The Interior Department is undoing a Biden-era regulation that treated conservation as a core mission alongside resource development on public lands overseen by the Bureau of Land Management, according to documents released by the Trump administration.
The canceled rule had been designed under President Joe Biden to shift how the Interior Department’s land bureau operates. The regulation placed conservation on “equal footing” with development and allowed taxpayer-owned public land to be leased for restoration through a mechanism similar to the way oil companies can lease land for drilling, the Associated Press reported.
Interior Secretary Doug Burgum said the rule could have prevented energy and timber production and harmed ranchers who graze on public lands, warning that it could have blocked access to hundreds of thousands of acres. Supporters of the 2024 approach argued that conservation had long been a secondary consideration at the land bureau and that the bureau’s practices did not match its mission under the 1976 Federal Lands Policy Management Act.
Biden’s 2024 rule also aimed to give conservation a more formal structure at the bureau, including a dedicated program that the bureau had not had before. Previously, the bureau issued leases for conservation purposes only in limited cases, rather than under a dedicated restoration program, according to the Associated Press account.

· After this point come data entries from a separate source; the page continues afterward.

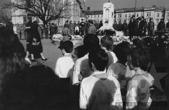 nemzeti ünnep március 15. koszorúzás koszorú Ifjú Gárda emlékmű ifjúsági mozgalmi élet utcakép úttörő egyenruha Szekszárd Tolna megye Magyarország 1968 Bakó JenőFotó részletei
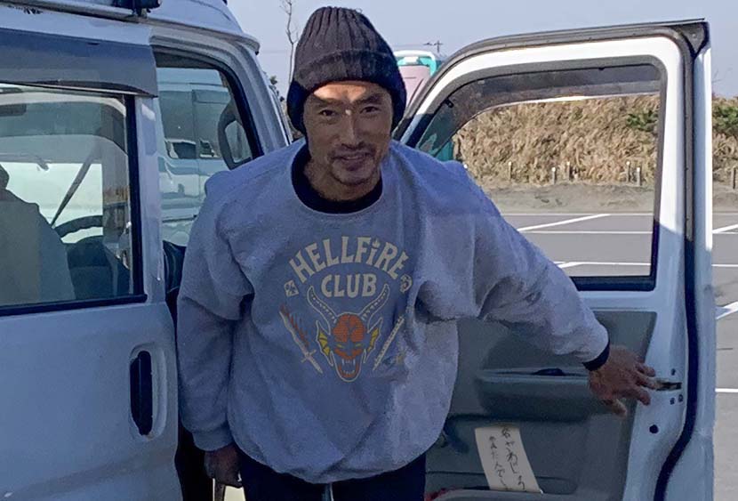 マジカル・カーブツインと書かれたビンテージTに投資しろと売り込んでいた。
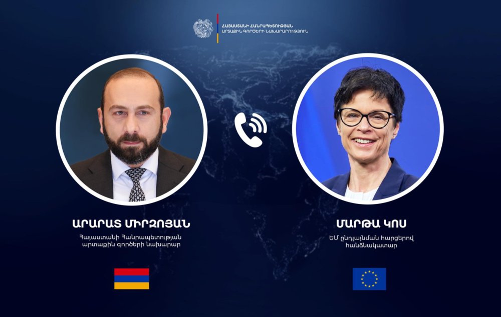 Հայաստանի Հանրապետության ԱԳ նախարար Արարատ Միրզոյանը հեռախոսազրույց է ունեցել ունեցել ԵՄ ընդլայնման հարցերով հանձնակատար Մարթա Կոսի հետ։
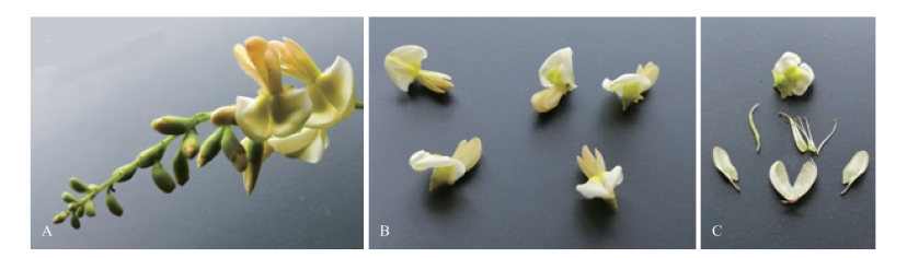 A. 花序;B. 蝶形花冠;C. 花各部分解,花丝分离
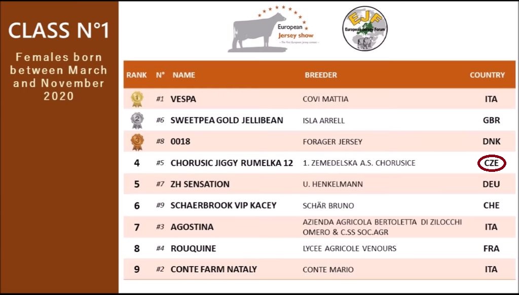 Dne 28.6.2021 byl zahájen první virtuální Evropský šampionát jerseyského skotu. Videa v daném formátu se zvířaty ve výstavní úpravě bylo nutné zaslat do 15.6.2021. Děkujeme tímto všem podnikům, které se měly chuť zapojit - ŠZP Lány ČZU (3ks), 1.zas Chorušice (3 ks), Farma Miller Svrkyně (1ks), Judr. Zdeněk Pelc Farma Dučický dvůr (1ks) a 2 kravky od nás z INPLEMu Tehov. Videa z šampionátu lze sledovat na facebooku, konkrétně na stránce „European Jersey Forum“ (odkaz níže). Při rozhodování kategorie jalovic se úlohy judge ujal kolumbijský chovatel DIEGO SIERRA CALDERON. Velice nás těší úspěch CZ 501244921 CHORUSIC RUMELKA 12, která obsadila krásné čtvrté místo v konkurenci jalovic z deseti zemí Evropy!
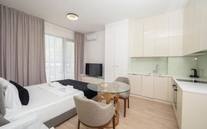 В каждой единице размещения имеется собственная ванная комната и душ, а также установлены кондиционер, холодильник и телевизор с плоским экраном. В некоторых единицах размещения обустроена кухня с посудомоечной машиной, духовкой и плитой.
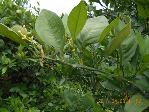 大部分柑桔品種,開花較早所結(jié)的果實生長快、果實大、果皮光滑,果實品質(zhì)好,但坐果率低。開花較晚所結(jié)的果實生長較慢、果實小、果皮厚,果實品質(zhì)不佳,但因開花較晚,氣溫升高,晚花果的坐果率較高。為了提高果實品質(zhì),可以進(jìn)行適當(dāng)保果,減少早花果的脫落,增加早花果比例。到第二次生理落果基本結(jié)束時,進(jìn)行人工疏果,將小果,次果等摘除。
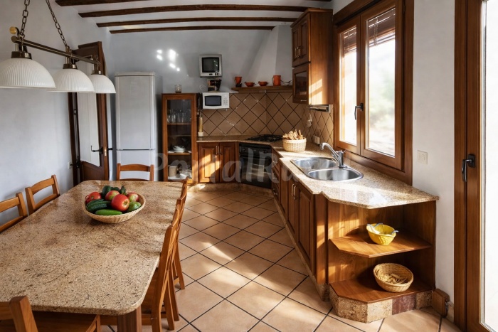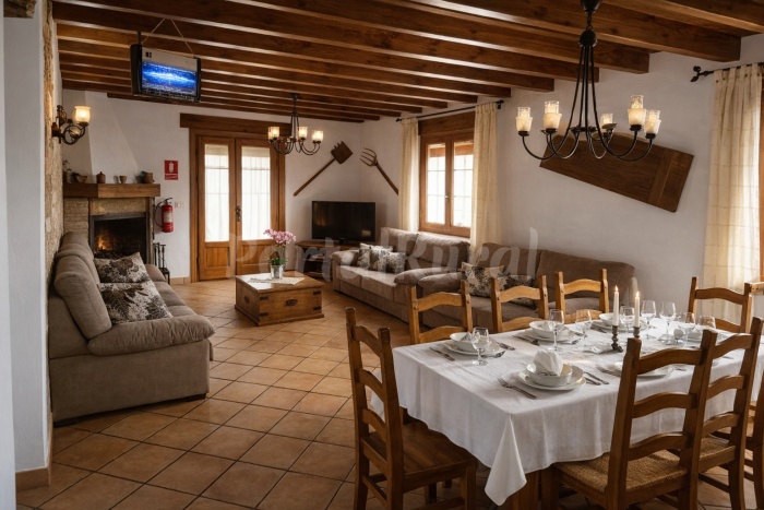 El interior incluye un amplio salón con chimenea de leña, ideal para el invierno, y una cocina totalmente equipada con lavavajillas, microondas, tostadora y todo el menaje necesario para grupos.
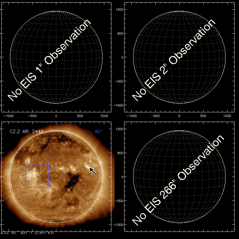 EIS Observation timeline overlay to GOES-Xray curve Code 1" 2" 40" 266" EIS Observations list for this event: STUDY ACRONYM ID DATE OBSERVED DESCRIPTION NOAA# TARGET 0 PRY_slot_context_v3 | 49315 | 2015/11/02 12:35:12 | Spectral atlas (AR) | 2443 | Active Region TIMELINE ID DATE OBSERVED FITS FILE XCEN (+W/-E) YCEN (+N/-S) DUR ----------------------------------------------------------------------------------------------------------------- 49315 | 2015/11/02 12:35:12.000 | eis_l0_20151102_123512.fits.gz | -398.17 | 15.42 | 2m56s : Check study information : Download file : View thumbnails For this event, also check for:

Administration officials said in the documents released Monday that the 2024 rule exceeded the authority Congress gave the land bureau and the Interior Department for conservation leasing. The administration’s position was that the rule went too far by allowing outside parties to obtain conservation leases on federal land.
The change drew strong opposition from industry groups and Republican lawmakers, who said conservation leasing under Biden’s rule violated the “multiple use” mandate for Interior Department lands. They characterized restoration leasing—described in the reporting as “non-use” of federal lands—as moving to prominence over activities such as drilling and grazing.
Dan Naatz of the Independent Petroleum Association of America said the administration’s action would provide “greater clarity and predictability” for independent oil and natural gas producers, adding that many rely on consistent permitting and leasing processes to operate and invest in domestic energy supply.
The federal government’s land holdings are concentrated in Western states including Alaska, California, Nevada, New Mexico, Utah and Wyoming, and the bureau also manages publicly owned underground mineral reserves across more than 1 million square miles, according to the AP report. As President Donald Trump took office, the administration pursued a series of actions intended to boost fossil fuel production on taxpayer-owned sites and to reduce support for some renewable energy projects that it said had been unfairly subsidized under Biden.
Conservation advocates criticized the rollback. Bobby McEnaney, with the Natural Resources Defense Council, said repealing the rule would mean “less protection for the clean drinking water, less protection for endangered wildlife that depend on healthy habitat, and less accountability when corporations leave these landscapes damaged and degraded.”
The repeal is set to take effect 30 days after it is published in the Federal Register, with the AP report saying it was scheduled for Tuesday. The action also followed recent Republican moves in Congress that canceled land management plans adopted in the last days of Biden’s administration restricting development in parts of Alaska, Montana and North Dakota.